Badan Penyelidik dan Pengawas khusus untuk memantau pelaksanaan Pemilu. Tentu

saja warga diharapkan proaktif terhadap langkah yang diambil pemerintah dengan ikut

andil secara maksimal dalam proses pemulihan kualitas Pemilu ini.
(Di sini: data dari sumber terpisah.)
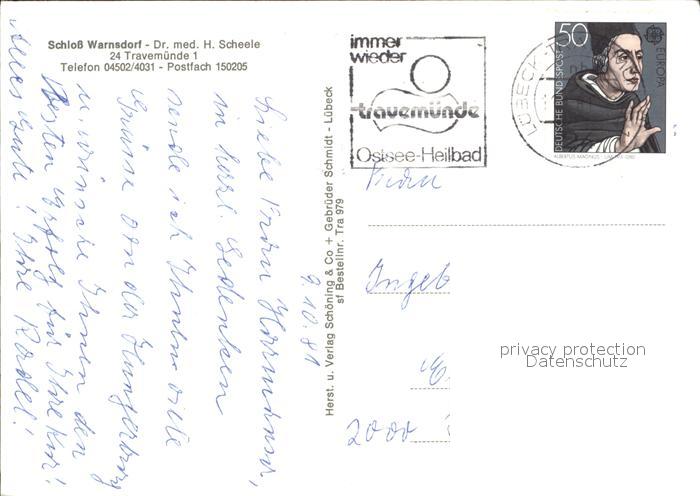 72378524 alte Postkarte Travemuende Ostseebad Schloss Warnsdorf postalisch gelaufen Erhaltung siehe scans KatCode: 11110001003000
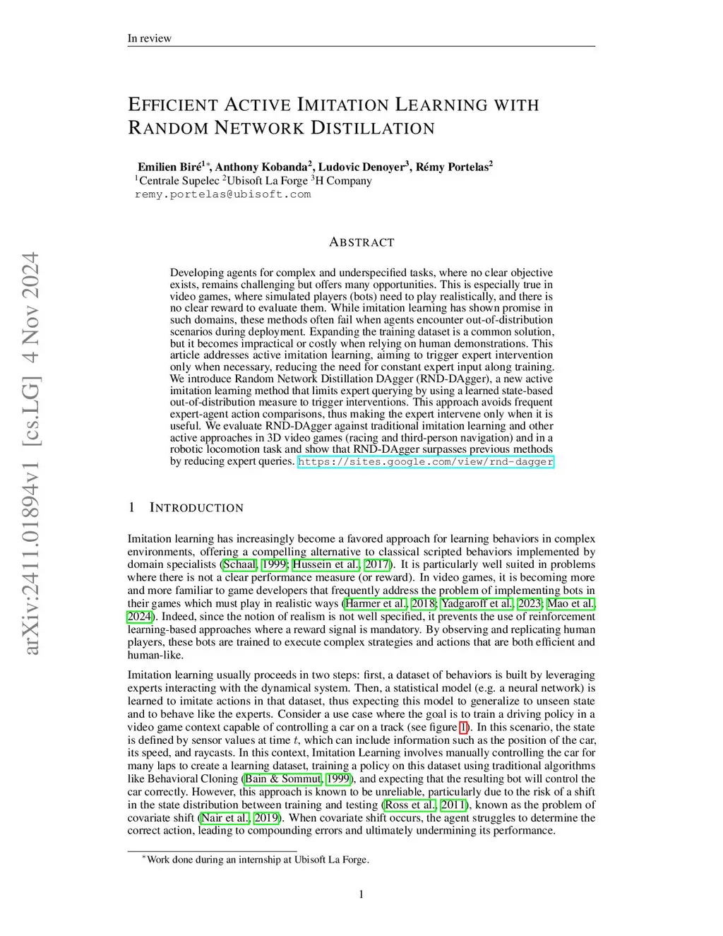 Developing agents for complex and underspecified tasks, where no clear objective exists, remains challenging but offers many opportunities. This is especially true in video games, where simulated players (bots) need to play realistically, and there is no clear reward to evaluate them. While imitation learning has shown promise in such domains, these methods often fail when agents encounter out-of-distribution scenarios during deployment. Expanding the training dataset is a common solution, but it becomes impractical or costly when relying on human demonstrations. This article addresses active imitation learning, aiming to trigger expert intervention only when necessary, reducing the need for constant expert input along training. We introduce Random Network Distillation DAgger (RND-DAgger), a new active imitation learning method that limits expert querying by using a learned state-based out-of-distribution measure to trigger interventions. This approach avoids frequent expert-agent action comparisons, thus making the expert intervene only when it is useful. We evaluate RND-DAgger against traditional imitation learning and other active approaches in 3D video games (racing and third-person navigation) and in a robotic locomotion task and show that RND-DAgger surpasses previous methods by reducing expert queries.this https URL
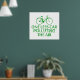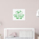 A silhouette of a green bicycle and below it the phrase "One less car polluting the air"

Dengan kualitas Pemilu yang baik, akan muncul nama pemimpin yang sesuai

dengan pilihan Rakyat tentunya. Baik nama baru maupun nama lama yang pernah

duduk di senayan setidaknya rakyat telah meilihat kinerja mereka dan mengharapkan

mereka yang terpilih nantinya akan menghasilkan terobosan terobosan baru yang pro-

rakyat yang tentunya sesuai dengan visi misi yang membuat rakyat terbuai saat mereka

sedang berkampanye.

Hal ini juga ditujukan untuk sistem demokrasi yang benar – benar demokrasi,

bukan hanya bersembunyi dibalik “demokrasi” untuk memperoleh simpati. Rakyat juga

menginginkan yang terbaik untuk Indonesia. Penguasa pembuat kebijakan sudah

sepantasnya bertanggung jawab akan rakyat. Tidak hanya duduk manis menikmati

konsumsi saat rapat, tapi wajib berpendapat berdasarkan kondisi rakyat.